Nasal COVID Vaccine: Bharat Biotech Head Confident About Efficacy

Bharat Biotech’s top honcho is confident about the efficacy of the intra-nasal vaccine against COVID-19 that the Hyderabad-based company is developing.

Bharat Biotech’s Chairman and MD Dr Krisha Ella said on Sunday that the vaccine, which is supported by Department of Biotechnology and Biotechnology Industry Research Assistance Council, will serve as a strong booster in strengthening immune responses as a follow-up to Covaxin.

The country’s drug regulator has cleared the BBV154 intranasal vaccine for Phase 2/3 human clinical trials.

“We are working on a combination of Covaxin followed by nasal, so that Covaxin primes the system of innate immunity and then the boost by the nasal which produce three immune responses – the IGG, the IGA and then mucosal immunity. All three immunities are powerful and can protect a person from getting infected,” Dr Ella told Times Now during the channel’s Freedom Summit on I-Day.

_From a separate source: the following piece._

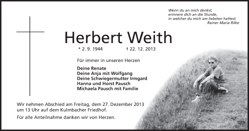 Hier finden Sie alle Traueranzeigen aus der Zeitung, die bisher für Herbert Weith erschienen sind. Weitere Traueranzeigen, die in der Zeitung erscheinen, werden hier ebenfalls aufgelistet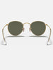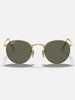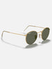 The Ray-Ban ® Round Metal sunglasses are totally retro. This look has been worn by legendary musicians and inspired by the 1960s counter-culture when this style first originated.The Ray-Ban unisex metal, iconic Sunglasses are known for their defined round crystal lenses and distinct shape. A curved brow bar, adjustable nose pads, and thin metal temples with plastic end tips rest comfortably behind the ears. Available with Legend Gold lens logo, straight from the archive.

On the necessity of a third dose, he said: “We will give the data to the government, it’s for the government to take the decision with its regulatory agencies but we are certainly working on the nasal to plug in along with this. If nasal works out very well, our production capacity doubles.”

The demand for vaccines continues to be bigger than supply, but Dr Ella said Bharat Biotech has a plan ready to increase production significantly.

“The mRNA vaccine can be produced with one of the easiest technologies in the world. You can produce in a week, and you can produce 20 million doses with mRNA. Coming to the adenovirus, which is a vector-based vaccine, I can manufacture in less than seven days. Whereas the same inactivated vaccine that we produce to be used in children, that can take 120 days to produce. The other two platforms, it is easy to scale up to 2000 litres, 5000 litres, whereas when it comes to inactivated vaccines, nobody has scaled up more than 1000 litres in the world and we are the first company trying to scale it to 5000 litres in our Bengaluru facility. People have not understood how complicated this technology is.”

He further said that they have three production facilities in Hyderabad, where production is increasing.

“In Bengaluru, there is now a new facility. It takes time for the new facility to begin production, it has to be validated properly, and monitored strictly. We’ve reached a certain level of confidence in Bengaluru. In Gujarat, we started a plant in Ankleshwar, where we were producing a rabies vaccine and now we will produce Covaxin. We already have human resources in Gujarat. We are trying to go from 1,000 to 10,000 litres, nobody has done this… We are on the game. If we solve the problem, we will be the largest manufacturers of cell culture-based vaccine in the world.”